In addition, we are under contract for four additional properties, a brand new build, strong covenant distribution center in Ottawa to be completed in January of 2023, one in London, which is in the process of having a 150,000 sq ft new addition being built and expected to be completed by mid-2023, and approximately 85,000 sq ft building, new build-to-suit to be built in Balzac, Alberta, with one of the REIT's existing tenants, which is expected to be completed in the late fall of 2023. REIT is also in due diligence on a 94,000 sq ft strong tenanted industrial facility in Quebec City. There are several additional assets that were in varying stages of discussions, that we hope to come to fruition over the next several months.

As you can see, we have an active pipeline of deal flow. With our current liquidity and available funds from our capital recycling program, we'll be able to execute on a significant amount of additional industrial acquisitions throughout the balance of 2022. We have 22 acres of excess land at the Titan industrial site in Regina, one that we recently closed on, that was acquired in February 2022. We also have the option to transact on 10 additional acres of land at the Acropolis warehouse facility located on the Edmonton Airport grounds. We have engaged an architect, and they're having renderings created for these parcels of excess land. We plan on presenting these renderings to some existing tenants to find one that we can complete a build-to-suit.

One of the REIT's existing tenants in Edmonton has expressed a possible level of interest in both of the sites. We're also in the process of submitting to the city of London on a 100,000 sq ft spec addition at our property at 1,285 Hubrey and a 33,000 sq ft expansion for one of our existing tenants at 5 Cuddy in London. We're also exploring a development program with RFA Capital, where the REIT will participate in the development, which would provide a pipeline of high-quality distribution facilities in the future. In Richmond, BC, we continue with the redevelopment of our 60,000 sq ft building for two tenants. Both tenants' rent will commence once they take possession of the space. It's still expected completion and possession to occur sometime in July of this year.

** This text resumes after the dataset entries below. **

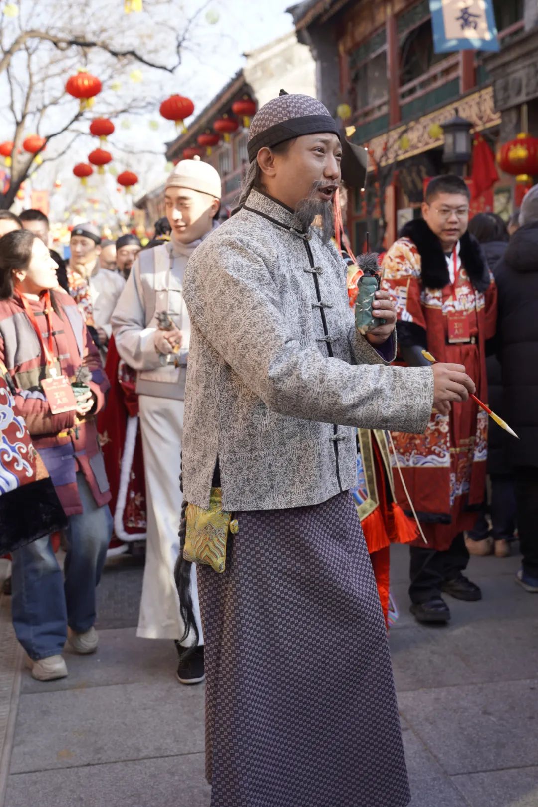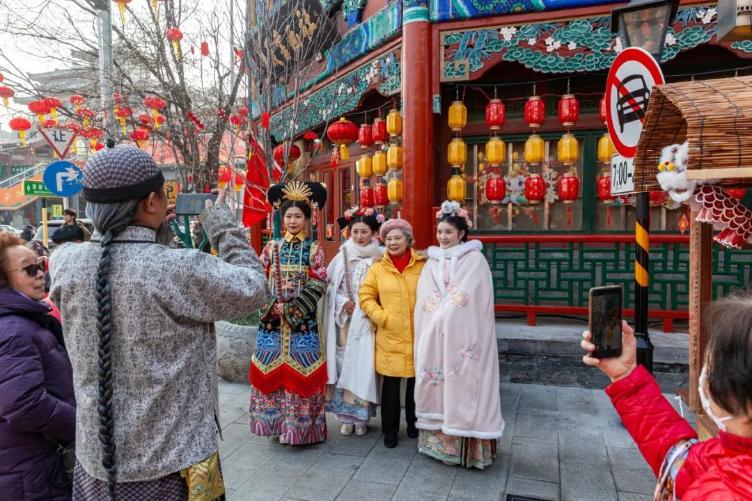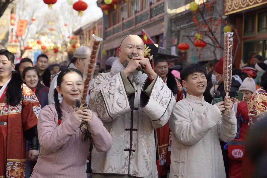 就这样,“宣南往士”们在新春厂甸庙会上组成了史上身价“最古老”的代言团。其间,演员们的表演十分投入,他们不仅模仿了货郎货娘的动作和神态,还热情地与游客们进行互动。当游客们驻足观看时,他们会主动上前,用生动的语言和有趣的动作介绍自己的“宝贝”,引得游客们笑声连连。许多游客纷纷拿出手机,记录下这难得一见的传统风情。
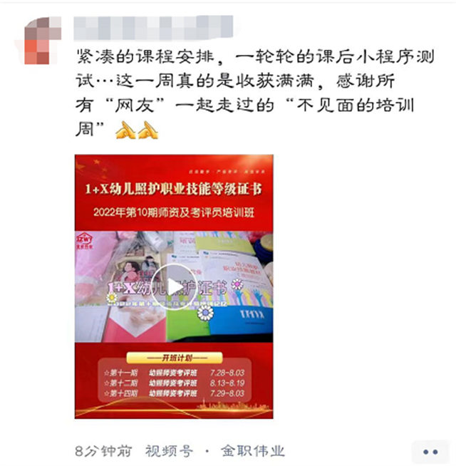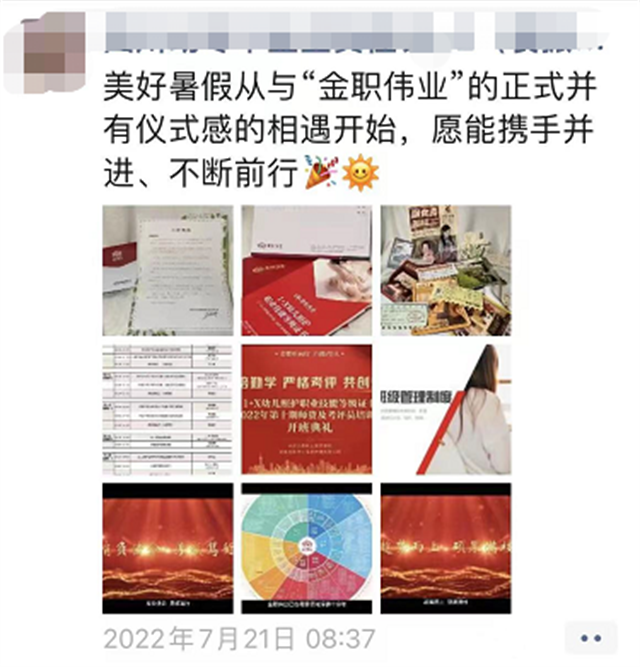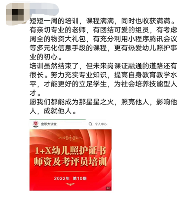 據了解,此次培訓為期七天半,全程以線上形式進行,為確保線上技能學習效果不打折,金職偉業結合線上教學特點,融入信息化教學,科學化設置實操及考評管理,同時提前錄制實操示范視頻、整理實操示范話術,上傳至金職母嬰官網,以老師們觀看和學習,獲得了廣泛認可。截至結業當天,學員線上跟課率100%,考核及格率100%。
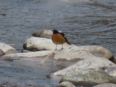 昼休み、牧ノ谷川には、川の石の上にジョウビタキのオスがいた。
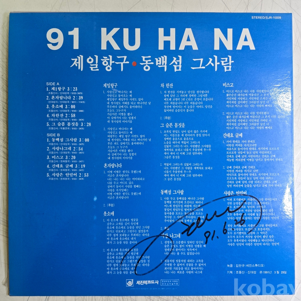 | 자켓상태 | VG : 주름, 접힘, 모서리 찢김 다수 | 음반상태 | VG : 생활 기스 다수, 가벼운 노이즈 존재 | 발매정보 | 초반 | 가사지여부 | 무 |
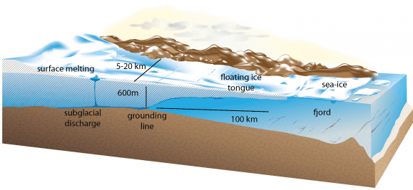 – Vi er i ferd med å finne ut mer om hvordan smeltingen faktisk foregår. Slike isbremmer vi snakker om her, kan tape masse på to måter. Den første er intuitiv: Overflatesmelting. Varmer du luften over isbreen, smelter isen på overflaten. Dette tar modellene høyde for, med ganske høy grad av sikkerhet. Vi forstår kanskje ikke alle de fysiske prosessene 100 prosent, men vi har noenlunde kontroll på de grunnleggende av dem, og modellene fungerer.
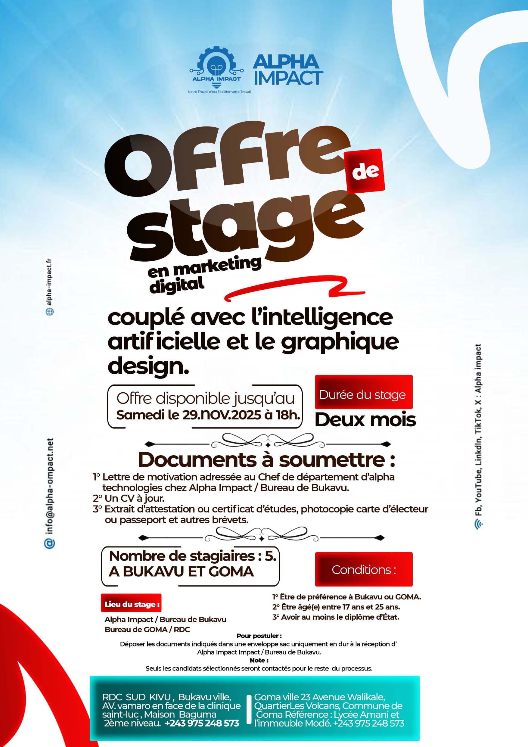 ? Alpha Impact lance une opportunité unique de stage en marketing digital, IA et design graphique Dans un monde en p...
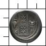 Doppeltes sternförmiges Ornament innerhalb eines zweigeteilten Rechtecks; Weinrebe über Κ im l., Kantharos über Ι im r. Feld.
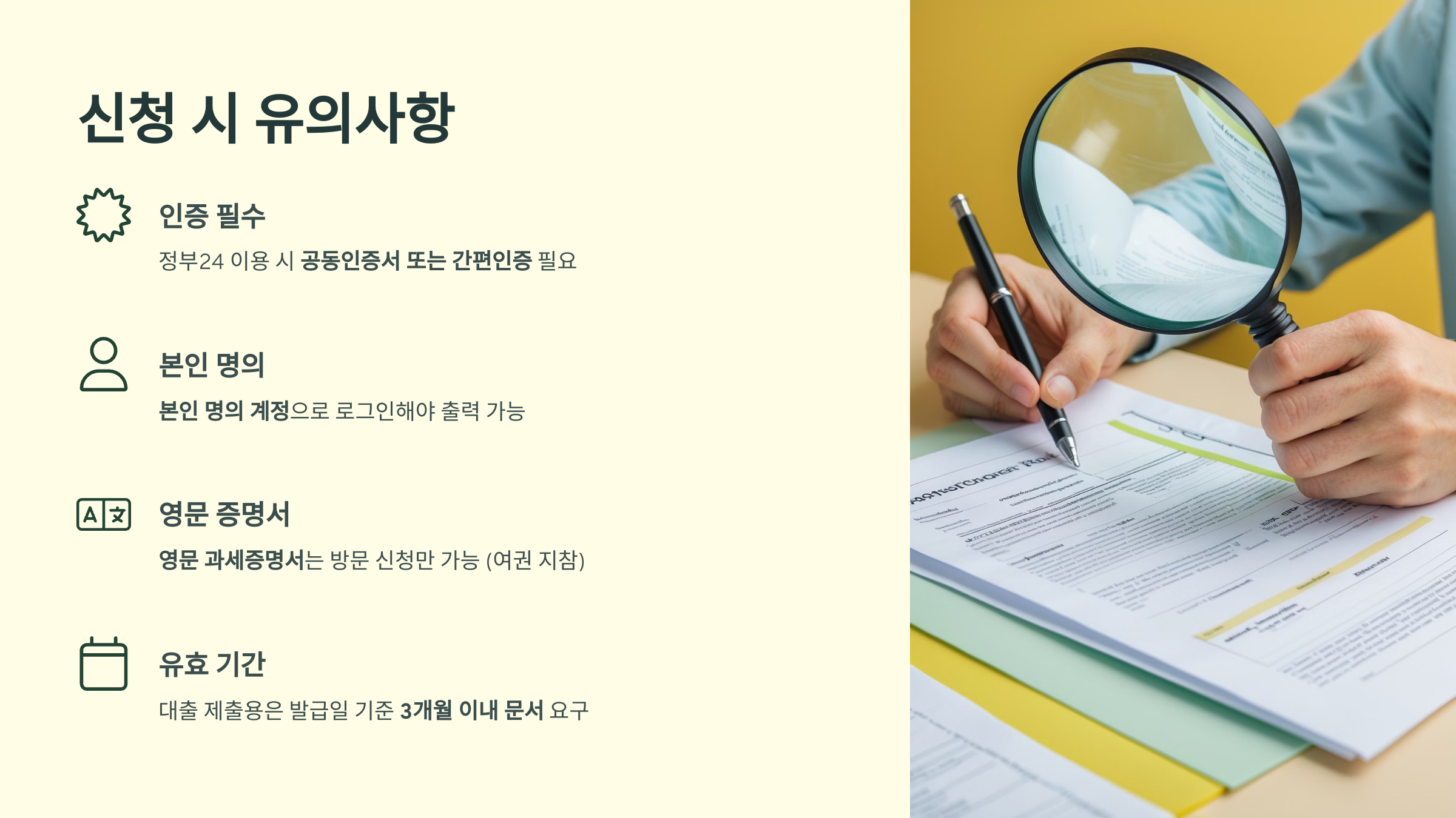 만약 온라인 이용이 어려운 경우에는 가까운 주민센터나 세무서를 통해 신분증 지참 후 현장 발급도 가능하므로, 본인의 상황에 맞춰 방법을 선택하시면 됩니다. 대리인 신청 시에는 위임장과 양측 신분증이 필요합니다.
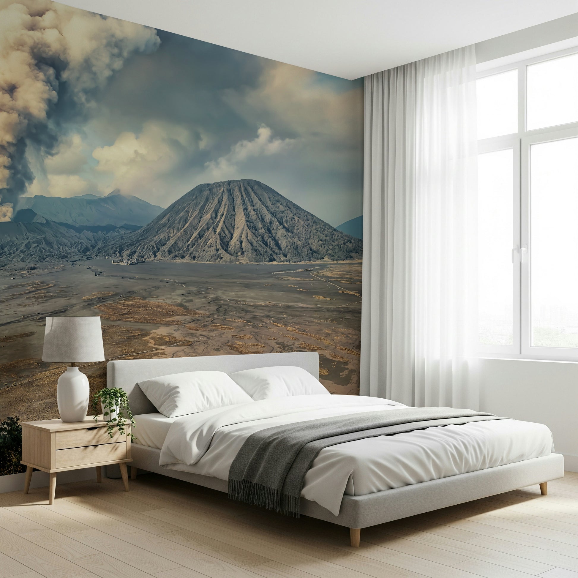 Witness the majesty of Mount Bromo with this arresting wallpaper. The scene presents a stark landscape, dominated by the volcano's plume against a bright sky. Hues of brown and gray mix together, creating a stunning effect. Install this wallpaper for walls and let its unique design transform your space into a statement. This landscape works exceptionally well in living rooms, offices, or even hallways, bringing a natural, calming effect and pairing nicely with modern and minimalist designs.
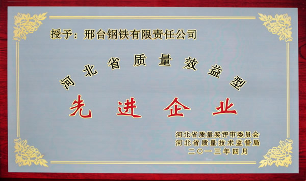5月27日,邢鋼榮獲2012年“河北省質(zhì)量效益型先進企業(yè)”稱號。
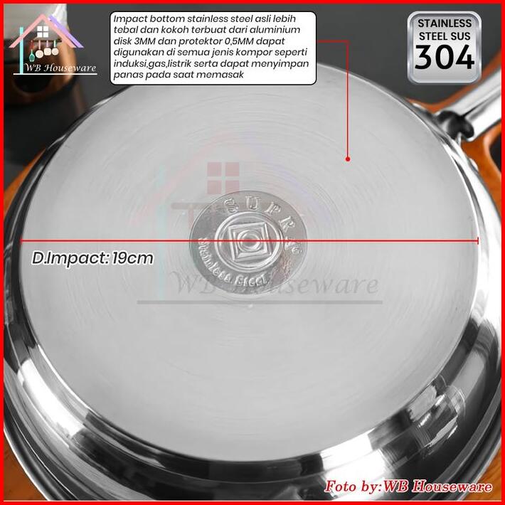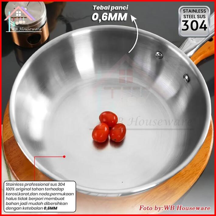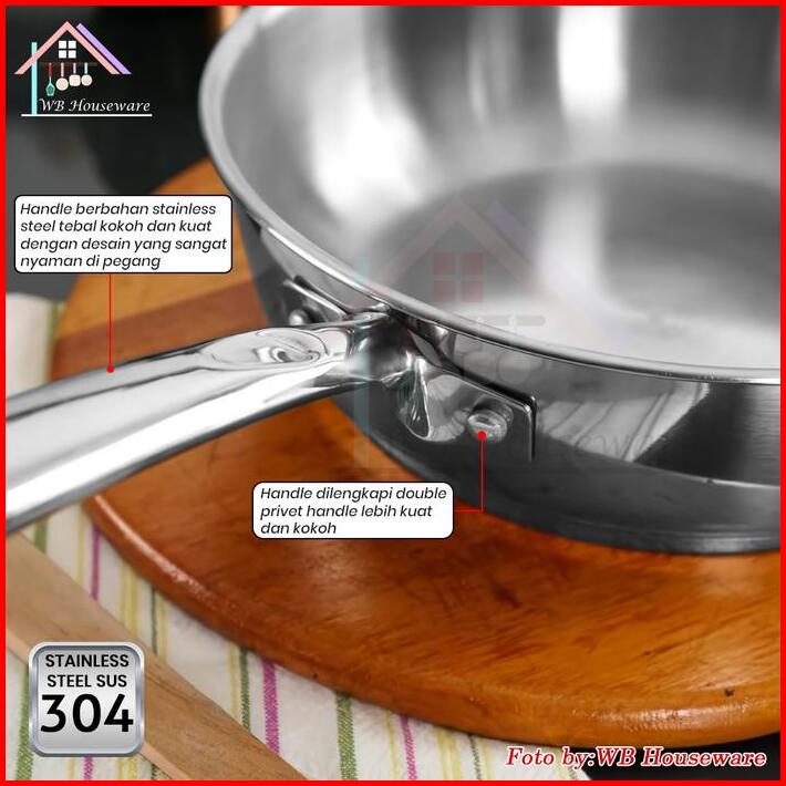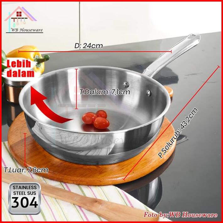Supra New Fry Pan 24cm Stainless Steel Sus 304 Impact Bottom Professional Handle Koko Wajan Masak Penggorengan Kitchenwa

As mentioned previously, upon completion, our NOI will increase by approximately CAD 165,000 a month. We also are planning the 74,000 sq ft addition, which would provide a significant lift to the REIT's NAV. We'll also be applying at the same time for bonus density, which, if approved, would allow for additional sq ft to be built in the future. In Montreal, we continue to work with a developer on the sale of some excess land at Ville Saint-Laurent. The developer is still moving along nicely with their approvals from the city, and it is still anticipated a closing of the transaction toward the end of the year, which will allow us to realize our first payment from the developer. In our recently acquired London portfolio, 2022 is a solid year for renewals and new leasing.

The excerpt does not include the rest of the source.